» **Exercise goal**
Give back, word for word, only the lines from the opening of the records through the one with "じゃが芋の昆布煮 マカロニサラダ みそ汁(えのき) ごはん バナナ |". Pictures stay out.

Exercise data below:

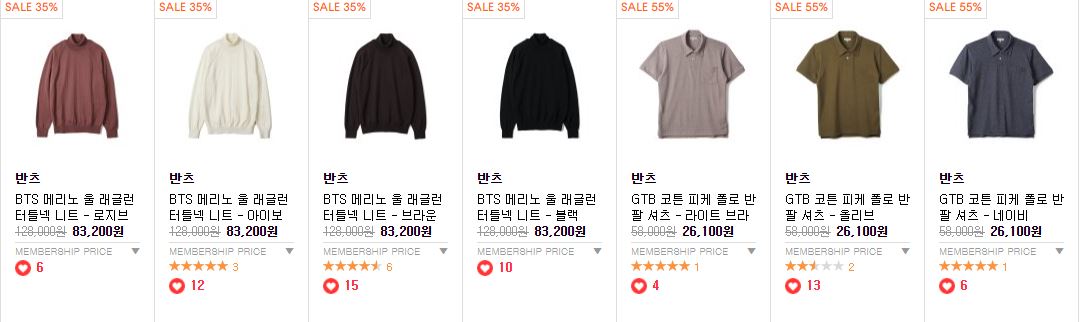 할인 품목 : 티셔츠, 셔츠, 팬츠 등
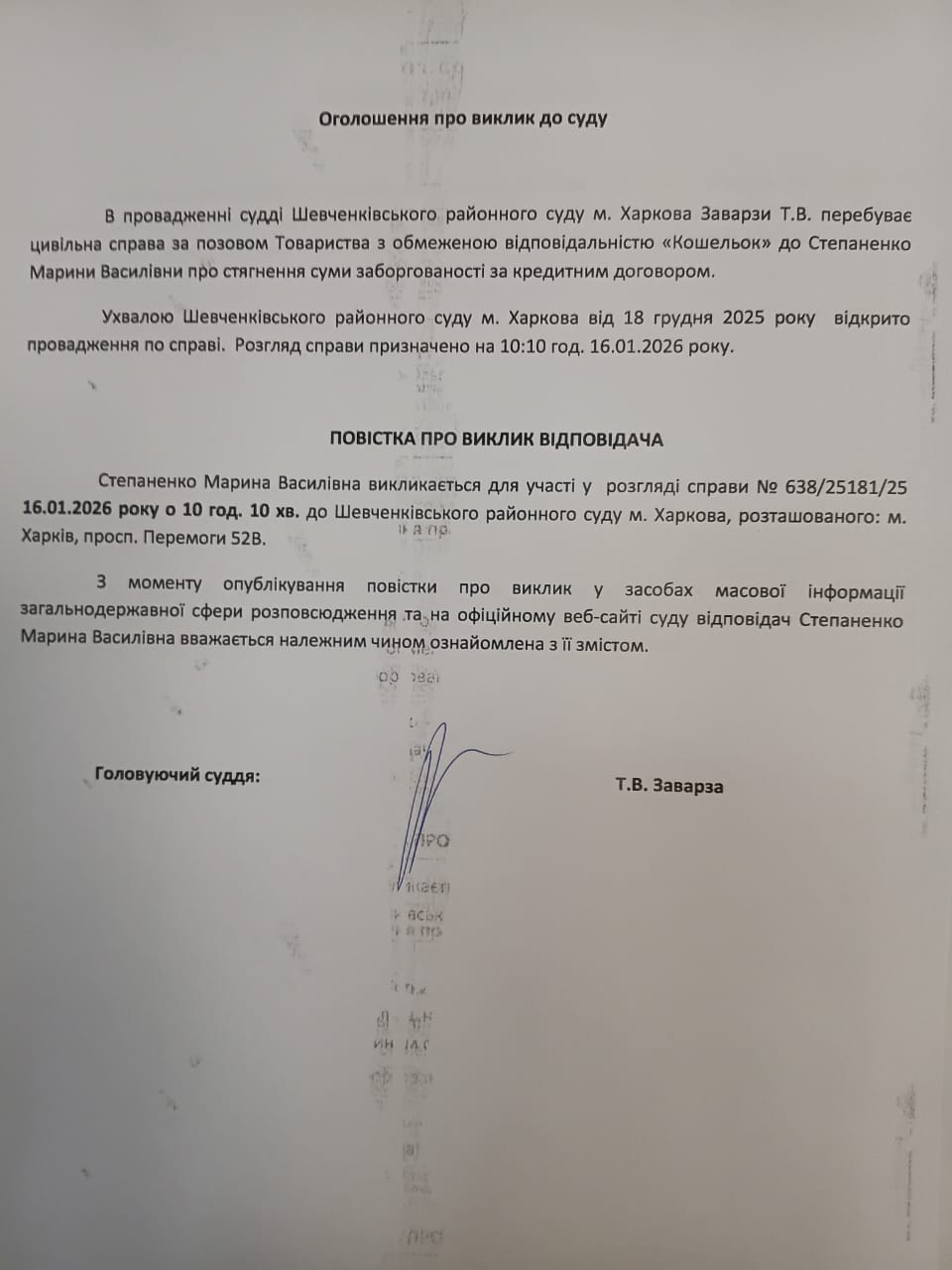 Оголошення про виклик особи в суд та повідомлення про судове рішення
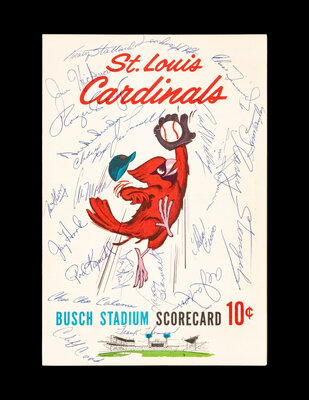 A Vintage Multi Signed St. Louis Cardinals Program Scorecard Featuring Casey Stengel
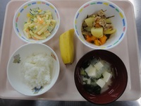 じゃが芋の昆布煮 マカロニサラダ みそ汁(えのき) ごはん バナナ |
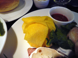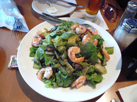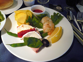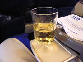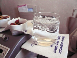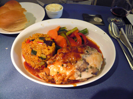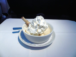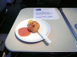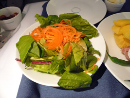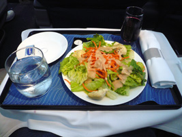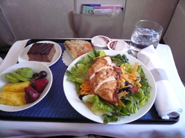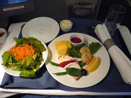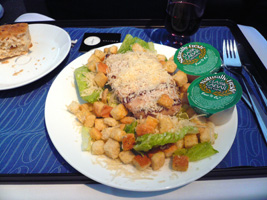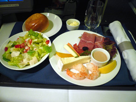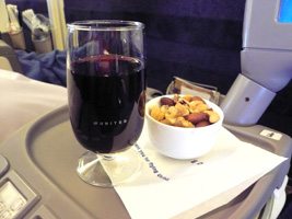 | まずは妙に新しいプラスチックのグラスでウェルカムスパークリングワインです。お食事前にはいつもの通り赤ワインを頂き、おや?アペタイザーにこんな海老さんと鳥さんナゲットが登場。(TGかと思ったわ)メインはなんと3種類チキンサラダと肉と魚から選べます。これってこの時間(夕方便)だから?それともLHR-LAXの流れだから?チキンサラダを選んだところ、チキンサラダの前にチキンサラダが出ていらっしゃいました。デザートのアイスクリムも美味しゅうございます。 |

End of Exercise data.

» **Output for this exercise**
 할인 품목 : 티셔츠, 셔츠, 팬츠 등
 Оголошення про виклик особи в суд та повідомлення про судове рішення
 A Vintage Multi Signed St. Louis Cardinals Program Scorecard Featuring Casey Stengel
 じゃが芋の昆布煮 マカロニサラダ みそ汁(えのき) ごはん バナナ |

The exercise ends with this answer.